Machine Learning Workflow with edaflow

This guide consolidates all steps for a complete ML workflow using edaflow, from experiment setup to model deployment.

Step 1: Setup ML Experiment

experiment = ml.setup_ml_experiment(df, 'target')  # DataFrame style
# OR
experiment = ml.setup_ml_experiment(X=X, y=y, val_size=0.15)  # sklearn style

Step 2: Compare Multiple Models

models = {
    'RandomForest': RandomForestClassifier(),
    'LogisticRegression': LogisticRegression()
}
results = ml.compare_models(models, **experiment)
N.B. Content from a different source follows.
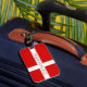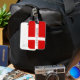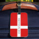 Danish flag of Denmark custom travel luggage Bag Tag. Personalised luggage tags for bags and suitcases. Elegant heritage gift idea for holiday travelers. Mark your baggage to prevent loss. Scandinavian pride design.

Step 3: Optimize Hyperparameters

model_name = 'LogisticRegression'  # or 'RandomForest' or 'GradientBoosting'

if model_name == 'RandomForest':
    param_distributions = {
        'n_estimators': [100, 200, 300],
        'max_depth': [5, 10, 15, None],
        'min_samples_split': [2, 5, 10]
    }
    model = RandomForestClassifier()
    method = 'grid'
elif model_name == 'GradientBoosting':
    param_distributions = {
        'n_estimators': (50, 200),
        'learning_rate': (0.01, 0.3),
        'max_depth': (3, 8)
    }
    from sklearn.ensemble import GradientBoostingClassifier
    model = GradientBoostingClassifier()
    method = 'bayesian'
elif model_name == 'LogisticRegression':
    param_distributions = {
        'C': [0.01, 0.1, 1, 10, 100],
        'penalty': ['l1', 'l2', 'elasticnet', 'none'],
        'solver': ['lbfgs', 'liblinear', 'saga']
    }
    model = LogisticRegression(max_iter=1000)
    method = 'grid'
else:
    raise ValueError(f"Unknown model_name: {model_name}")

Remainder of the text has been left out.